СГ: Вот вы сказали «полностью исключает объект мышления». Если довести до предела, то можно утверждать, что в момент рефлексии человек в предыдущем смысле исчезает, то есть умирает.

ЕШ: Ну, не умирает, он вычленяется.

АМП: Что ты на это скажешь?

АБ: Ну если еще интенцию убрать.

АМП: Интенцию убрать, да. Не забывайте: рефлексии не может быть без моей интенции, без воли, желания. Могу сказать с полной ответственностью за свои слова, что такого рода эксперименты существовали только в одной точке обитаемой Вселенной. Они существовали в буддийском йогическом классе 4-5 н.э. где устранялось все, причем не просто устранялось, а устранялось надолго. Когда я обсуждал это с Мерабом Мамардашвили, он говорил: «Это безумно трудно, надо держать». Но разве есть интересные вещи, сделать которые легко? Нет. Мераб говорил: «Держи мысль над мыслью, убери все», но Мераб об интенции не говорил, он только об объекте говорил.

СГ: Я не совсем понял, что вы говорите по поводу интенции. Ведь умирает же человек в первом смысле – иначе нельзя считать, что рефлексия доведена до…

АМП: Нет, мы сейчас говорим о рефлексии не в ее идеале. Кстати, учтите: водки сколько угодно. Но я хочу ответить на вопрос Сергея. Сергей, даже устранить объект вашего мышления и сосредоточиться в рефлексии только на вашем мышлении трудно. Это трудно держать, продолжать – все равно сбиваешься на объект. Но это возможно. Я могу сказать про себя: я тренировался. На самом деле это, конечно, элементарно, это может сделать каждый человек, если ему немножко помочь, а потом сам. Просто трудно держать. Мераб Мамардашвили мне возражал, он говорил: «Да и одну и ту же мысль на одном и том же объекте тоже трудно держать, хотя легче».

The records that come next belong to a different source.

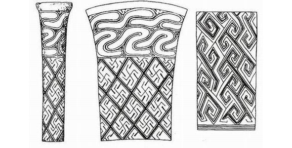 С такими выводами согласны отнюдь не все исследователи, но одно бесспорно; из того, что мы имеем на сегодняшний день, все-таки можно сделать вывод, что в праславянской тшинецко-комаровской культуре те же знаки, что и в Триполье – меандр, ромб, свастика, гуськи – выполняют одни и те же сакральные функции знака – оберега или магического заклинания, обращенного к богам и духам. Обращаясь далее к орнаментальным комплексам и.-и.– абашевской культуры, мы можем отметить, что здесь, как и в тшинецко-комарсвской культуре, и даже в ещё большей степени, орнамент состоит из различных меандров, свастик и гуськов. В отличие от абашевской, в орнаментальных комплексах срубной культуры мотив меандра и сложнопрорисованного креста встречается довольно редко. Основной составляющей декора керамики срубной культуры (16—12 век до н.э. по Б. Ч. Гракову) являются цепочки ромбов, ромбические сетки и ряды треугольников на плечиках сосудов, тулово зачастую оформляется характерными косыми крестами, иногда составленными из двух встречнопересекающихся – S-образных форм.
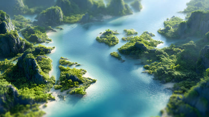 绿色岛屿环绕碧海
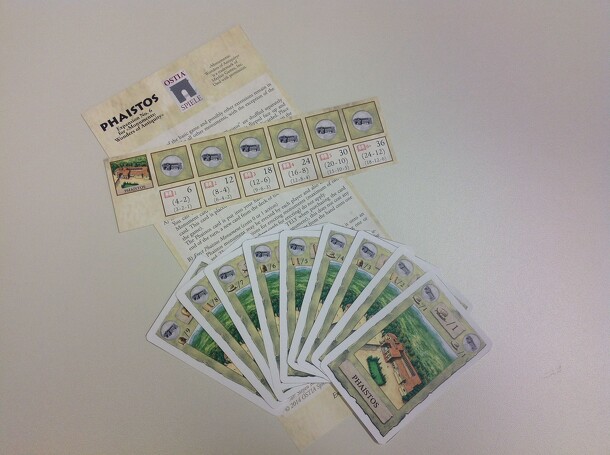 The monument Phaistos was lost during the development of the game — but now it's part of the game again! With Monuments: Wonders of Antiquity – Phaistos: The Lost Monument, nine additional cards are available for building Phaistos by each player (not only two of them). To get a Phaistos card, you must pay another card with a matching symbol. Each card is...
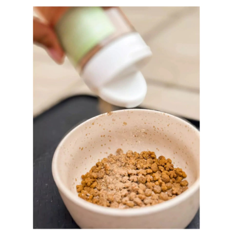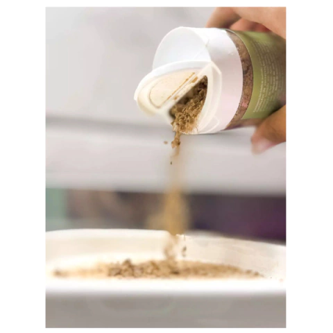 Como usar: polvilhe e misture o produto com o alimento pet ou em objetos para atividades de enriquecimento ambiental, seguindo o quia alimentar.
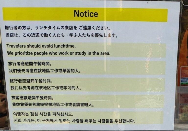 日本のそば店が観光客の来店を控えるよう張り紙を掲示し、撤去された。オーバーツーリズムの影響が浮き彫りに。
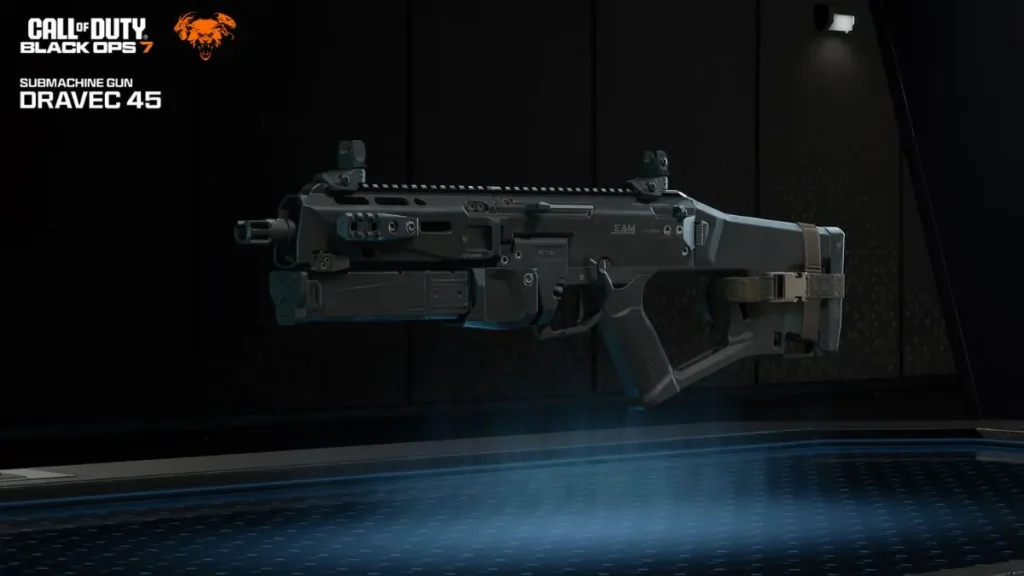 - Submetralhadora (Smg): Dravec 45 – Essa arma equilibra mobilidade, cadência é dano perfeitamente. Vai te permitir rushar pra cima dos adversários de forma letal

ЕШ: Так можно договориться, что и думать вообще трудно.

АМП: Как мы очень скоро увидим, и вообще думать, а не валять дурака, повторяя чужие мысли, очень трудно, а уж рефлексировать – тем более. Значит, я ответил на ваш вопрос – это достигалось в буддийских йогических классах и очень подробно описано.

СГ: Интенция вопроса была в том, насколько это тяжело.

АМП: Предельно тяжело, но достижимо, если начинать с каких-то простейших упражнений. Но это в любом случае требует того, чего у большинства из нас нет – дисциплины мышления, хотя бы элементарной дисциплины.

ЕШ: А как можно вырабатывать дисциплину, если нет общих правил, общего мышления?

АМП: Вот вы знаете, Егор, когда-то Спиноза очень серьезно подверг критике идею метода как такового, хотя был картезианец и методолог. Суть метода такая: чтобы что-то сделать, нам надо сделать что-то другое, а чтобы это, надо это… Спиноза говорил, что так мы дойдем до бесконечности. На самом деле в реальности мышления это не так: что-то хочешь сделать – и вот в этот момент и делаешь.

ЕШ: Просто вы тогда говорите о рефлексии уже как о каком-то таком чувстве, ощущении – как у человека есть  понимание запахов, способность определять предметы и т.д.

АМП: Хорошо, что вы меня к этому возвратили. Понимаете, что важно: невозможно рефлексировать спонтанно. Думать можно спонтанно: это пришло в голову, то пришло в голову. Рефлексия же одновременно является интенцией, то есть надо захотеть.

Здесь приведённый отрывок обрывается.